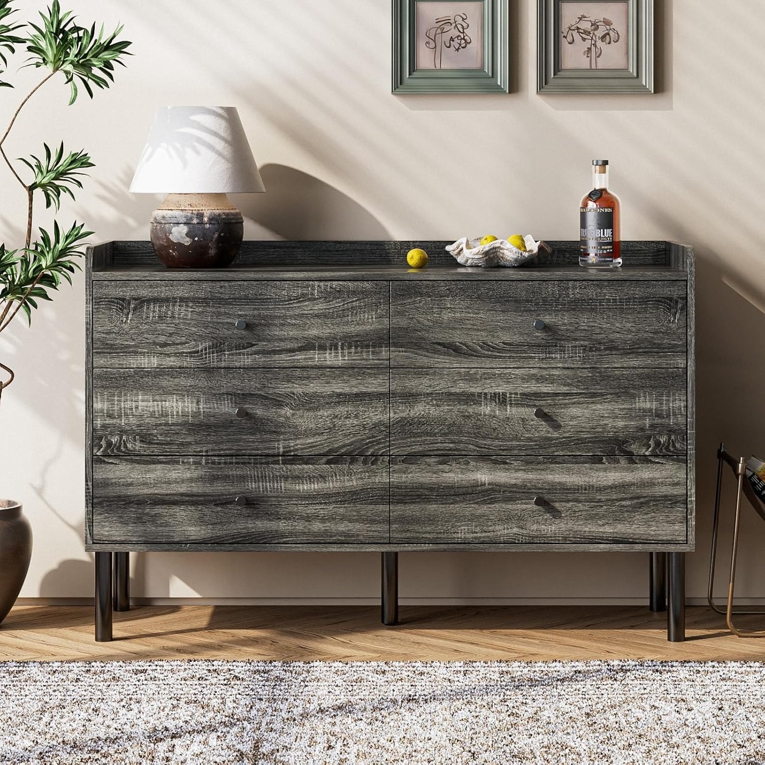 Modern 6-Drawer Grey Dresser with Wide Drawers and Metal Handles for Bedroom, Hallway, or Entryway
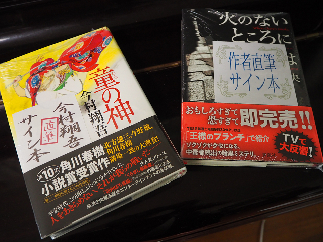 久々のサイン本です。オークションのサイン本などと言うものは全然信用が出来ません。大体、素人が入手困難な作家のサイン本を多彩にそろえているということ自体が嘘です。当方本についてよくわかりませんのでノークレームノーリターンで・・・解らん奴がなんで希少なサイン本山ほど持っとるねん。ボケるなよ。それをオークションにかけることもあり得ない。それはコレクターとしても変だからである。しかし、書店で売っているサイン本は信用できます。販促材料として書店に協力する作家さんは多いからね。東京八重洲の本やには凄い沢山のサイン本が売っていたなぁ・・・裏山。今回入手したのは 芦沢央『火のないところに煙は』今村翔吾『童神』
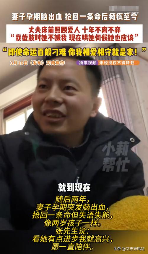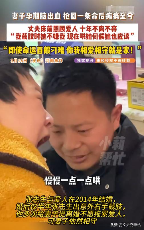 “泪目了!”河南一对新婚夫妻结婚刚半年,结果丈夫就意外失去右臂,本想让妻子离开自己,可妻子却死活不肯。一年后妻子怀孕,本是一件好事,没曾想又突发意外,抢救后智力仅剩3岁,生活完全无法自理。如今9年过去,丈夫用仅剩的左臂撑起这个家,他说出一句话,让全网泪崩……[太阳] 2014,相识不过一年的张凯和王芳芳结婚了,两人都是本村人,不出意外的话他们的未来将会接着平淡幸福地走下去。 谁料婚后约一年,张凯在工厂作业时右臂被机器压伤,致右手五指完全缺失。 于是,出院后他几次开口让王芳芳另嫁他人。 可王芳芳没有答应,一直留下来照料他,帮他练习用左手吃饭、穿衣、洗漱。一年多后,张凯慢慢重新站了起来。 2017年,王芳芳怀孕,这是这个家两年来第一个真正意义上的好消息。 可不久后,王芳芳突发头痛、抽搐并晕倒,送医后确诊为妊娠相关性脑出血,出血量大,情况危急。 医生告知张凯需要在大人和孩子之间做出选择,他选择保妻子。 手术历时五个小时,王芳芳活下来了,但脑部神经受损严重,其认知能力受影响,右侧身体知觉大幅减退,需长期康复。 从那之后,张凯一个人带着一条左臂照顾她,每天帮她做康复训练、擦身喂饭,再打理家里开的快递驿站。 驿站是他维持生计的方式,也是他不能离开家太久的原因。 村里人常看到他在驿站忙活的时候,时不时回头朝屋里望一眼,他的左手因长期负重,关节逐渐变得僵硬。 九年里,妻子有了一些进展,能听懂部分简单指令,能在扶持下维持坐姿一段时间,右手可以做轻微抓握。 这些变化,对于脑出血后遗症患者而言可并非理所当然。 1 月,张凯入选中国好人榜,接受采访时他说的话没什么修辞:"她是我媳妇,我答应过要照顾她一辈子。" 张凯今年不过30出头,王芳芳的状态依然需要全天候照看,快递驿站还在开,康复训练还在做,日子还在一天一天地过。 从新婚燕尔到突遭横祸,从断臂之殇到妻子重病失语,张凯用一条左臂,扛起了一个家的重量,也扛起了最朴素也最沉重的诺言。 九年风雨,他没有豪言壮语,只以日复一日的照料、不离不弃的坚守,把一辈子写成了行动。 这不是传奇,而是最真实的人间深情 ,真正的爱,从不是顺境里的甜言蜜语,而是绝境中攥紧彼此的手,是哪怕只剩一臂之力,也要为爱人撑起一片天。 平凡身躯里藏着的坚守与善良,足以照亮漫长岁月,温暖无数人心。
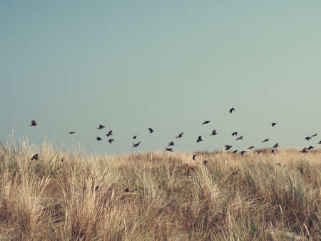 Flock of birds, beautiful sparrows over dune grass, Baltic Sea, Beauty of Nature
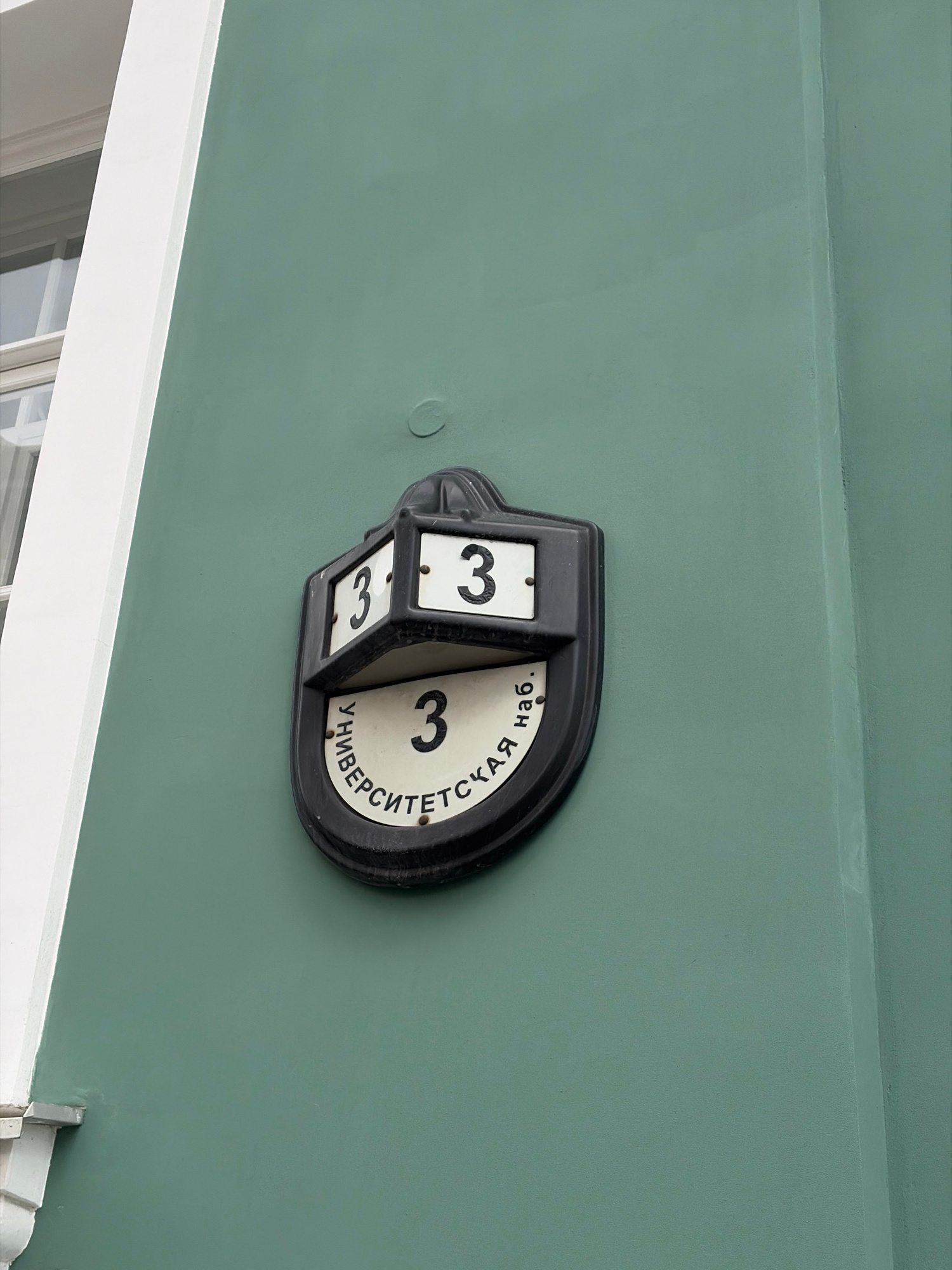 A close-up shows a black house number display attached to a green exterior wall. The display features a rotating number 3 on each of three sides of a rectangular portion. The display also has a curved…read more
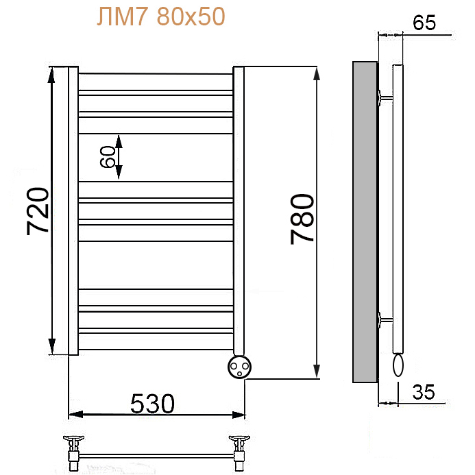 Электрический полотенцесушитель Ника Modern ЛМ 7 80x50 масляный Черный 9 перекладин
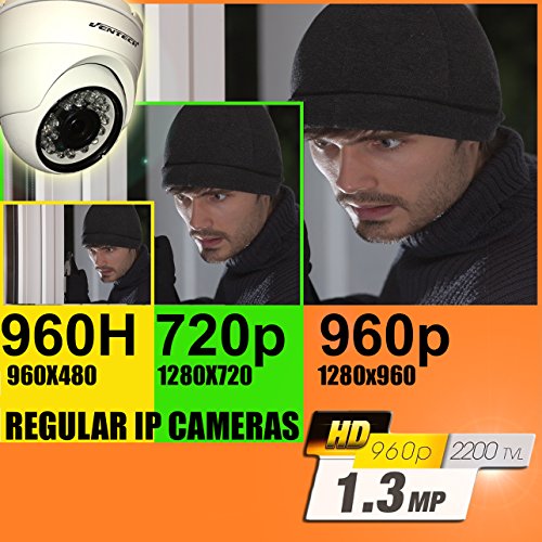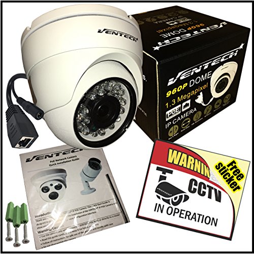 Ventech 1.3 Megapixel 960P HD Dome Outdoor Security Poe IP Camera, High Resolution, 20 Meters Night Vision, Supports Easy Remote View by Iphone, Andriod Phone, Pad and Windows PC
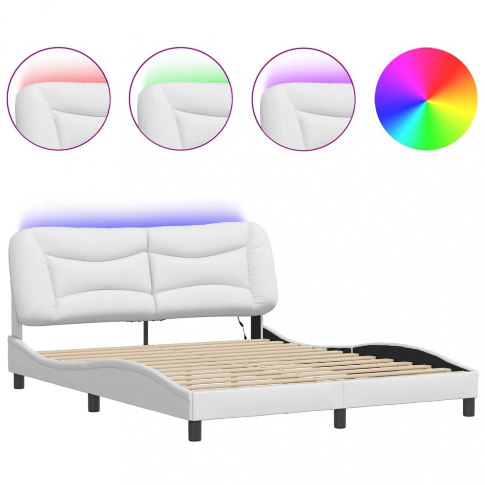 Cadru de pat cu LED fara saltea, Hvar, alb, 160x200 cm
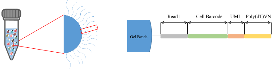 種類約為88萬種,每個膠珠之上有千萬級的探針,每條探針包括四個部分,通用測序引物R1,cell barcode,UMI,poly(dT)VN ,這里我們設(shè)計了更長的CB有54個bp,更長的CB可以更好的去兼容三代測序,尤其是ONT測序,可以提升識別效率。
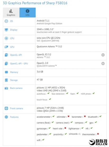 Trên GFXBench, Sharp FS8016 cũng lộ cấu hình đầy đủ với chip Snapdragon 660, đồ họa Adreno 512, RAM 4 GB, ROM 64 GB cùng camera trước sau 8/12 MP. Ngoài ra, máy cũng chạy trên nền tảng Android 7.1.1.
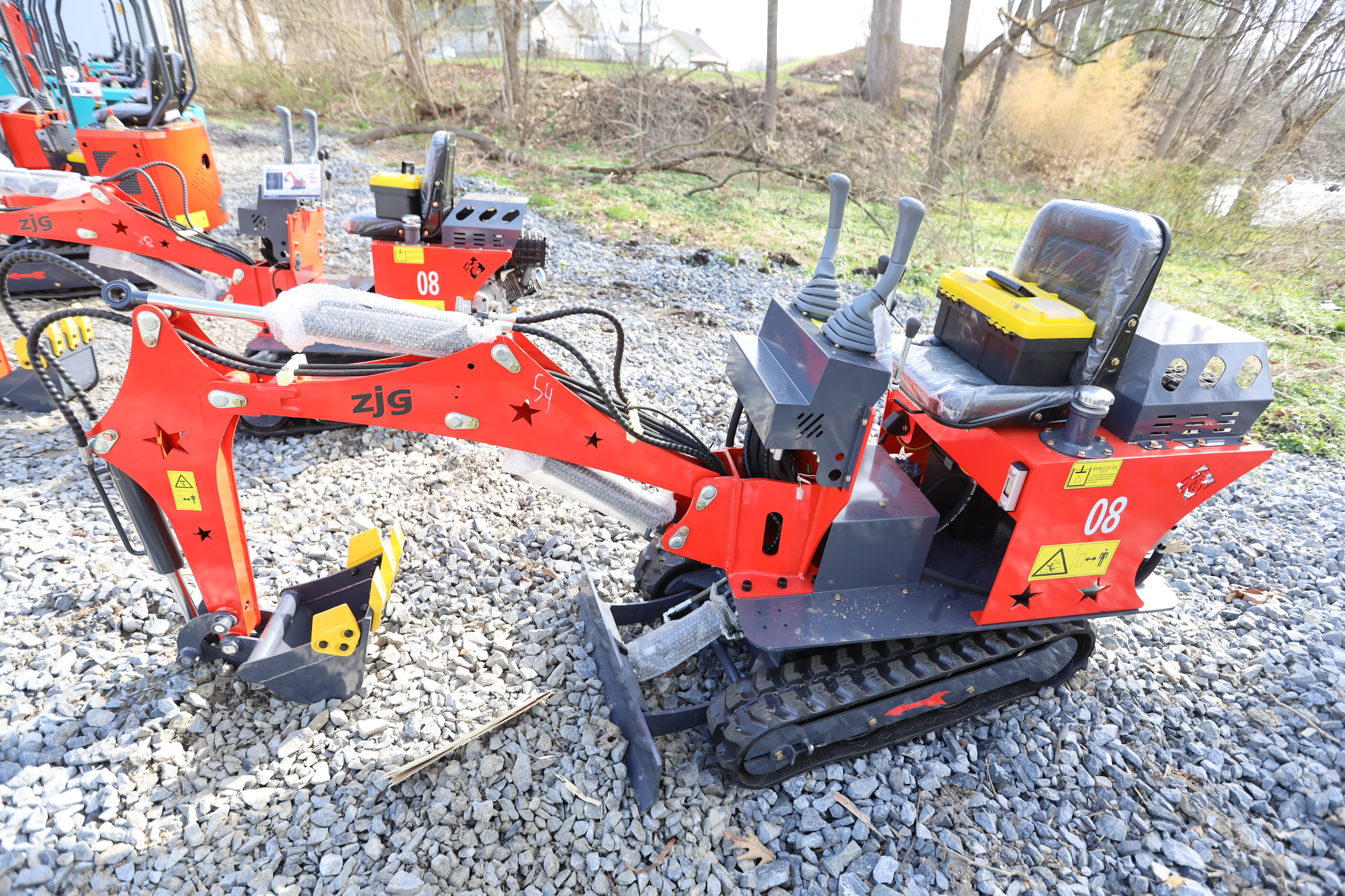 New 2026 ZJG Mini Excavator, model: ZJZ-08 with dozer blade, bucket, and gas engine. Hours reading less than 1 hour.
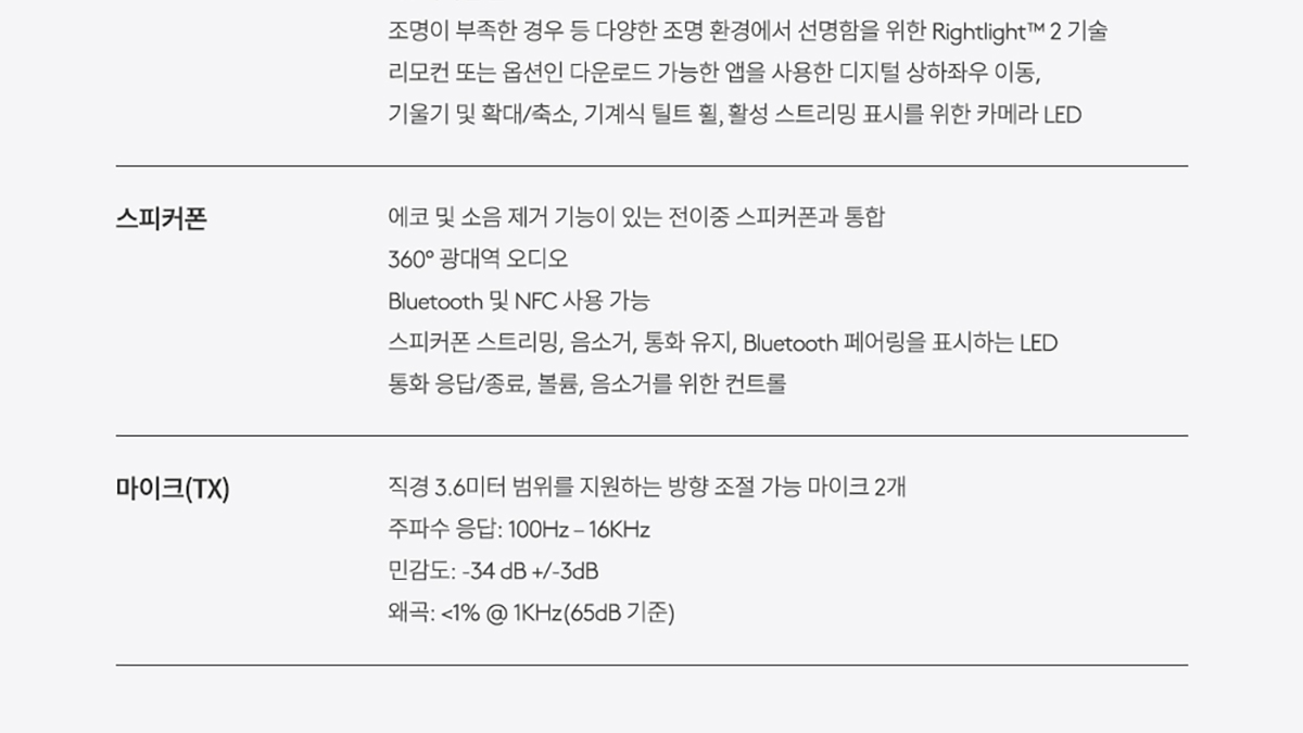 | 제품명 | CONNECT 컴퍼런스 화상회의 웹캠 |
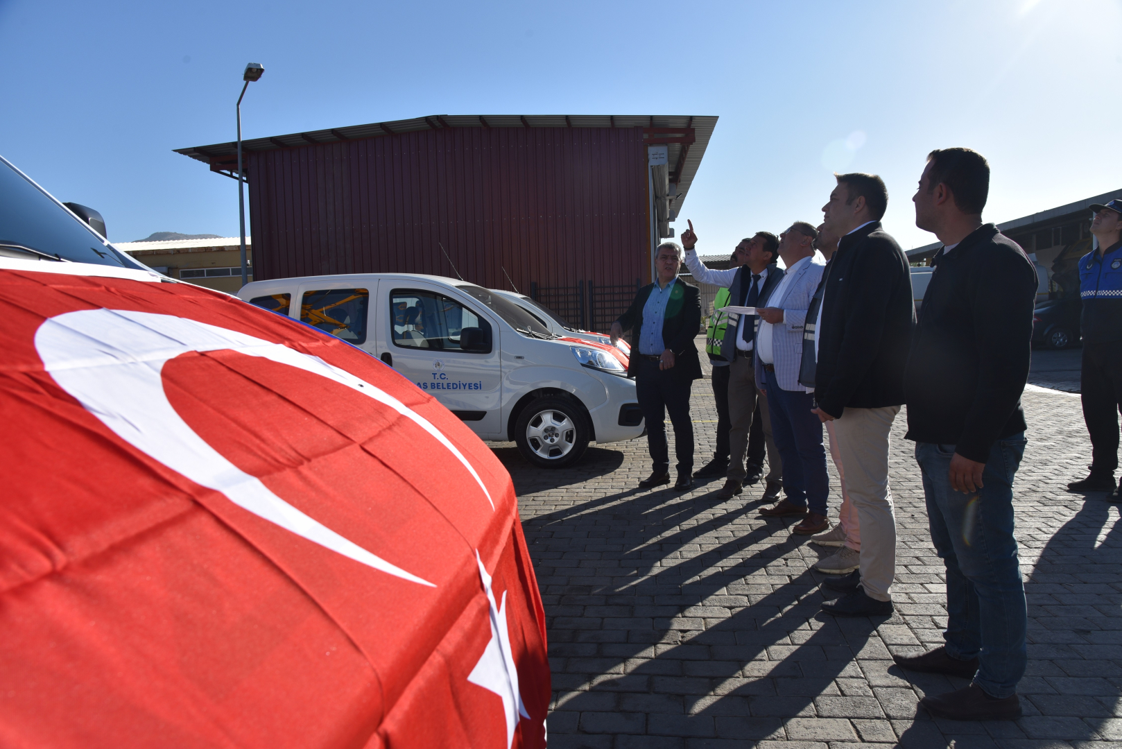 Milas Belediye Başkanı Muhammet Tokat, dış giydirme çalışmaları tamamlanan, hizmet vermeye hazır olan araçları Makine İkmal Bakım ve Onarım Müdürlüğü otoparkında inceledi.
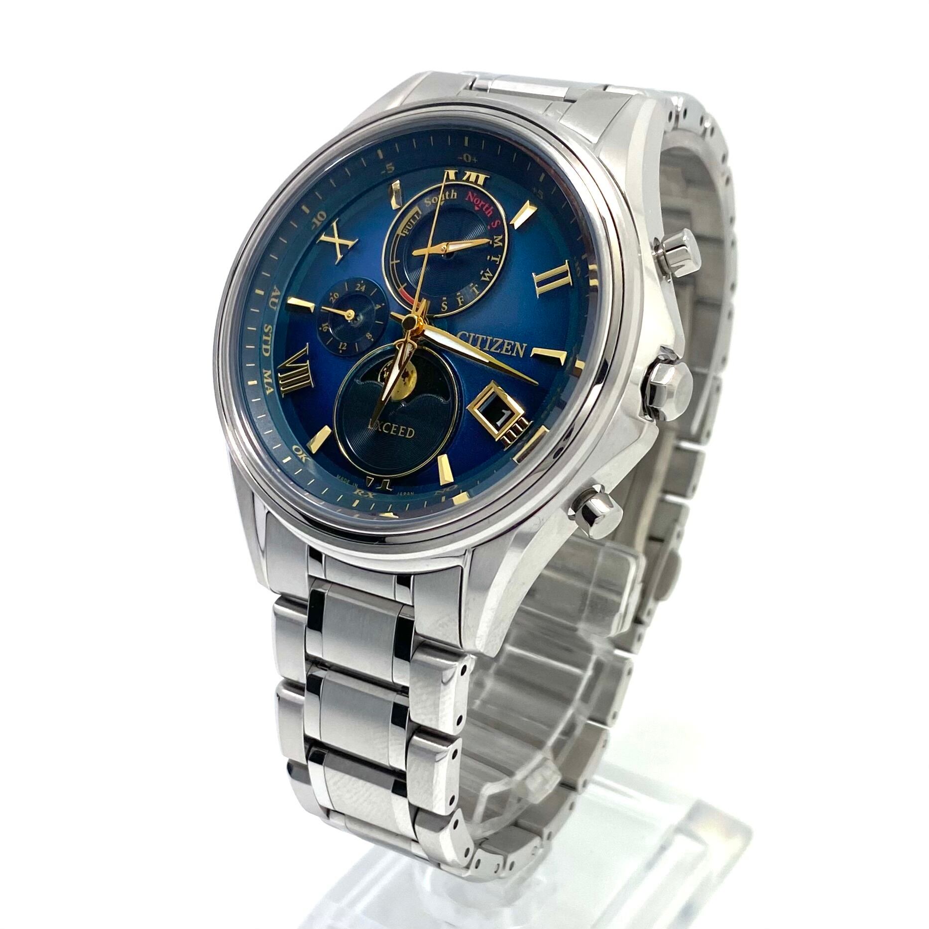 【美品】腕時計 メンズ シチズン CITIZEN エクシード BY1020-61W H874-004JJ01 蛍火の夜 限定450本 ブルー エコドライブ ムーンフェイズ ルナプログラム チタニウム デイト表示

● **What to do**
With the pictures left out, give again exactly the lines from the one with "Flock of birds, beautiful" through the end of the data, both included.

● **Written response**
 Flock of birds, beautiful sparrows over dune grass, Baltic Sea, Beauty of Nature
 A close-up shows a black house number display attached to a green exterior wall. The display features a rotating number 3 on each of three sides of a rectangular portion. The display also has a curved…read more
 Электрический полотенцесушитель Ника Modern ЛМ 7 80x50 масляный Черный 9 перекладин
 Ventech 1.3 Megapixel 960P HD Dome Outdoor Security Poe IP Camera, High Resolution, 20 Meters Night Vision, Supports Easy Remote View by Iphone, Andriod Phone, Pad and Windows PC
 Cadru de pat cu LED fara saltea, Hvar, alb, 160x200 cm
 種類約為88萬種,每個膠珠之上有千萬級的探針,每條探針包括四個部分,通用測序引物R1,cell barcode,UMI,poly(dT)VN ,這里我們設(shè)計了更長的CB有54個bp,更長的CB可以更好的去兼容三代測序,尤其是ONT測序,可以提升識別效率。
 Trên GFXBench, Sharp FS8016 cũng lộ cấu hình đầy đủ với chip Snapdragon 660, đồ họa Adreno 512, RAM 4 GB, ROM 64 GB cùng camera trước sau 8/12 MP. Ngoài ra, máy cũng chạy trên nền tảng Android 7.1.1.
 New 2026 ZJG Mini Excavator, model: ZJZ-08 with dozer blade, bucket, and gas engine. Hours reading less than 1 hour.
 | 제품명 | CONNECT 컴퍼런스 화상회의 웹캠 |
 Milas Belediye Başkanı Muhammet Tokat, dış giydirme çalışmaları tamamlanan, hizmet vermeye hazır olan araçları Makine İkmal Bakım ve Onarım Müdürlüğü otoparkında inceledi.
 【美品】腕時計 メンズ シチズン CITIZEN エクシード BY1020-61W H874-004JJ01 蛍火の夜 限定450本 ブルー エコドライブ ムーンフェイズ ルナプログラム チタニウム デイト表示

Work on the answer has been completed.